Publibook est une maison d'édition généraliste qui publie des ouvrages dans des genres variés, notamment la littérature, les essais, la poésie et des récits relevant de thématiques diverses.
Le Livre de Poche publie principalement des ouvrages en format poche, avec un catalogue généraliste qui rassemble littérature, documents, essais, classiques, policiers, jeunesse et titres de sciences humaines.
Larousse développe une ligne éditoriale généraliste, marquée par les dictionnaires, les encyclopédies, les ouvrages pratiques, la jeunesse et des livres de référence destinés à un large public.

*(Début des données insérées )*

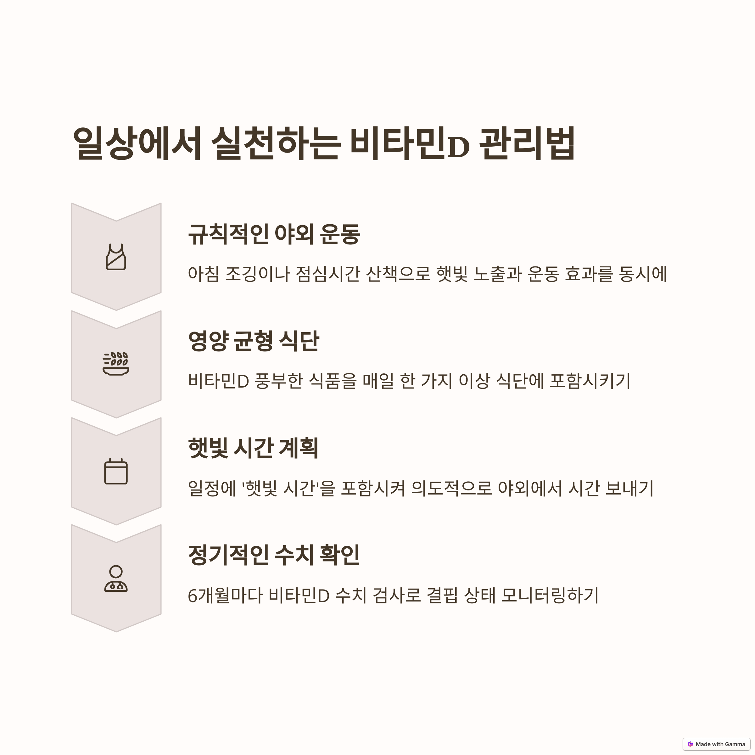 - 검사: 정기적인 건강 검진을 통해 비타민D 수치를 확인하고, 부족할 경우 전문가와 상담하여 적절한 조치를 취하는 것이 중요합니다.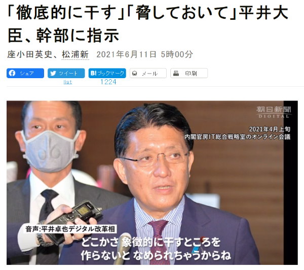 「徹底的に干す」「脅しておいて」平井大臣、幹部に指示:朝日新聞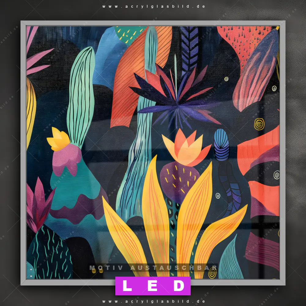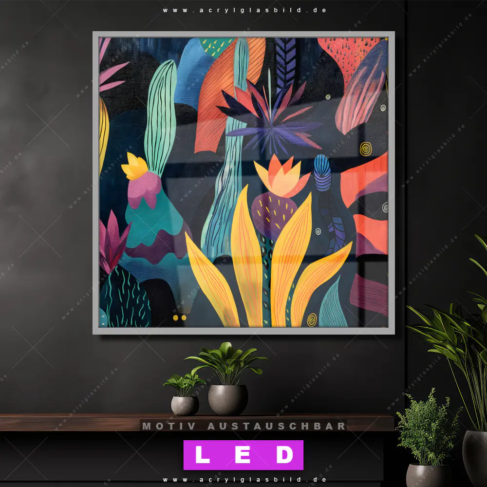 Begriffe wie Natur, Pflanzen, Kakteen, Blätter, Flora haben dich auf der Suche nach deinem neuen LED Wandbild aus Acrylglas inspiriert? Dann sollte das LED Acrylglasbild Farbenfrohe Pflanzen-Vielfalt den Weg zu dir finden.

Julliard publie principalement des romans français et étrangers, des récits contemporains, des documents et des essais, avec une attention portée aux voix littéraires reconnues comme aux auteurs émergents.
First publie des ouvrages pratiques et de loisirs, ainsi que des livres de développement personnel, de culture générale, de parentalité, de cuisine et de références du quotidien.
Stock publie principalement des romans, des essais et des documents, avec une ligne éditoriale généraliste attentive à la littérature contemporaine, aux récits de société et aux voix d'auteurs français et étrangers.
Éditions du Cerf publie principalement des ouvrages de sciences humaines, de philosophie, de spiritualité et de religion, avec un catalogue marqué par la pensée chrétienne et des essais de réflexion contemporaine.
Pocket publie principalement des livres de poche dans des genres variés, avec un catalogue mêlant littérature, romans policiers, essais, documents et ouvrages pratiques destinés au grand public.
Belfond est une maison d'édition généraliste dont la ligne éditoriale s'oriente notamment vers la littérature française et étrangère, les romans contemporains, les récits, ainsi que quelques essais et documents.